### EXERCISE OBJECTIVE
Scan the entries below for the string "long" and copy every line where it turns up.

### Saved data entries
- Opening Delimiter -

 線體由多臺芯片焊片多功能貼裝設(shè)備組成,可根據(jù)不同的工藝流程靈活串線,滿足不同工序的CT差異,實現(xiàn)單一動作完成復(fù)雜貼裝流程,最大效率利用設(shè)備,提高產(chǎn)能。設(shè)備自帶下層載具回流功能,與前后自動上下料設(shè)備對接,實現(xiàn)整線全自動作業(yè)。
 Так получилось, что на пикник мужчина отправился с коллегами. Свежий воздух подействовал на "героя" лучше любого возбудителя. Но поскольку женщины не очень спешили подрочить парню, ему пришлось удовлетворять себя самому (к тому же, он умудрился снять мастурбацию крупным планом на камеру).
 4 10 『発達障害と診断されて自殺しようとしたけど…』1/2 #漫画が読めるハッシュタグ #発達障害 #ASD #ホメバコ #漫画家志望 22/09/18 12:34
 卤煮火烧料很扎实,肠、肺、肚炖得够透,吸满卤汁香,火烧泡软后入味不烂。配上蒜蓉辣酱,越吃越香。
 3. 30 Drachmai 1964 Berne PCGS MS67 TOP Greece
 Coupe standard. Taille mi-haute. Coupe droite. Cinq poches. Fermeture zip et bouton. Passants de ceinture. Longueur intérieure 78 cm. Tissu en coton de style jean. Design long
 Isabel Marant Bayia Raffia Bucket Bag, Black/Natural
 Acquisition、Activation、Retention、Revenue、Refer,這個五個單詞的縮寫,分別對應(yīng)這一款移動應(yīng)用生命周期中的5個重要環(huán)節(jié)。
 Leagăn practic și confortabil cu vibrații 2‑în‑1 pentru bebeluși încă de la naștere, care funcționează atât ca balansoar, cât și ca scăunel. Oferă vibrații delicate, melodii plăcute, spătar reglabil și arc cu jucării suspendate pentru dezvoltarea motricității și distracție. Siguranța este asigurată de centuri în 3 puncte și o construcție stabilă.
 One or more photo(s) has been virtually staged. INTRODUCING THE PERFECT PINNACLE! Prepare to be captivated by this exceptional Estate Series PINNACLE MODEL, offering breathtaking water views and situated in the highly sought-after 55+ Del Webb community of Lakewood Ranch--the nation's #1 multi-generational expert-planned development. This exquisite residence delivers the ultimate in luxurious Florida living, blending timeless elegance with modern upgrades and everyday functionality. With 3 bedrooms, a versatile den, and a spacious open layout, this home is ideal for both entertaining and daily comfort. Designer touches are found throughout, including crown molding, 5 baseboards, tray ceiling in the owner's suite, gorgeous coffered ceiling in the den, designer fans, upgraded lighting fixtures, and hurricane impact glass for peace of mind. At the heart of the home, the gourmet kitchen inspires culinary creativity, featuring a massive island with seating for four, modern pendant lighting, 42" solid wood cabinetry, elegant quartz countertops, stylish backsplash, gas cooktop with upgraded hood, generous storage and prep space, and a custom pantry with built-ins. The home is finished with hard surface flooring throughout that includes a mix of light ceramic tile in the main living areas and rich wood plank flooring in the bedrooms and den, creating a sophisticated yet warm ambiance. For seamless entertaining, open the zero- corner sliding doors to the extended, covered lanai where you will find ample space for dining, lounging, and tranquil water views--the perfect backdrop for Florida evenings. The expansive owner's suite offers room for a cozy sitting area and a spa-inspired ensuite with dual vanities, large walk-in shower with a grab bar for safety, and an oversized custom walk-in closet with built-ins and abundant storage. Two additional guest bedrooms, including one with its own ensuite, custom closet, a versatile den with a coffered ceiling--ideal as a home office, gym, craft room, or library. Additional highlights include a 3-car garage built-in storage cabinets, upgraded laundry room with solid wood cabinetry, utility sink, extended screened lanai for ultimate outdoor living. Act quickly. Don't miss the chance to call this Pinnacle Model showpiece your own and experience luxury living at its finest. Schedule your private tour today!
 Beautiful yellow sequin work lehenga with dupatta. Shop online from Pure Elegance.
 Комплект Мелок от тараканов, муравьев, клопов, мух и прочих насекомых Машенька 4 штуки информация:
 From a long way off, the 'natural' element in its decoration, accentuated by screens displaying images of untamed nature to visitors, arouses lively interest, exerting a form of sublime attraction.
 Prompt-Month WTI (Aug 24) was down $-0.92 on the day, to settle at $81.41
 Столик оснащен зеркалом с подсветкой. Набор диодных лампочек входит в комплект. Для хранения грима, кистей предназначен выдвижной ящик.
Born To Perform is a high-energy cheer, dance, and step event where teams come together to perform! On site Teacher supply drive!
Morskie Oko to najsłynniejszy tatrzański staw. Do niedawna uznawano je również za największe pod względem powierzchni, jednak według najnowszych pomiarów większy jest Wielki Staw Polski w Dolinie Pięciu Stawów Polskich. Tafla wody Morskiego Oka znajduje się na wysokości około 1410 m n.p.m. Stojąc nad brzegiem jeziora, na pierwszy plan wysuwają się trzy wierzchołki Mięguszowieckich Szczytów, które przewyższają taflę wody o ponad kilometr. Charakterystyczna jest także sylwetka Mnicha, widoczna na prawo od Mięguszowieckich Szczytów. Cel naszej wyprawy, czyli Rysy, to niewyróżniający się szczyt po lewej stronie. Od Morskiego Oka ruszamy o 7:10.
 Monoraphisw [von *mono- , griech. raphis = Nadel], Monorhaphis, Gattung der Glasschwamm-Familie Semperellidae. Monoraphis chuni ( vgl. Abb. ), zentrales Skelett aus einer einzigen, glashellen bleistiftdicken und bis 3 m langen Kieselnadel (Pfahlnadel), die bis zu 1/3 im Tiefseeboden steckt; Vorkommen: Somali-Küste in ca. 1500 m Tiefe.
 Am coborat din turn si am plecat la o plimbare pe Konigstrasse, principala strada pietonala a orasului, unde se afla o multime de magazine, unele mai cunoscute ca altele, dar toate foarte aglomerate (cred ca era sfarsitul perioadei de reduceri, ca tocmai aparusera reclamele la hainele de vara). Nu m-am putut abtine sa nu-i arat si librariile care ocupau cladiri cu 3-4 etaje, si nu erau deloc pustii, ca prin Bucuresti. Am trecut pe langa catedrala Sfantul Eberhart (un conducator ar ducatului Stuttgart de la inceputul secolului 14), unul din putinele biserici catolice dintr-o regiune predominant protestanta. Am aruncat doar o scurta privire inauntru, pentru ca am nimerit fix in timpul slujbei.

- Closing Delimiter -

### ANSWER BOX
 Coupe standard. Taille mi-haute. Coupe droite. Cinq poches. Fermeture zip et bouton. Passants de ceinture. Longueur intérieure 78 cm. Tissu en coton de style jean. Design long
 From a long way off, the 'natural' element in its decoration, accentuated by screens displaying images of untamed nature to visitors, arouses lively interest, exerting a form of sublime attraction.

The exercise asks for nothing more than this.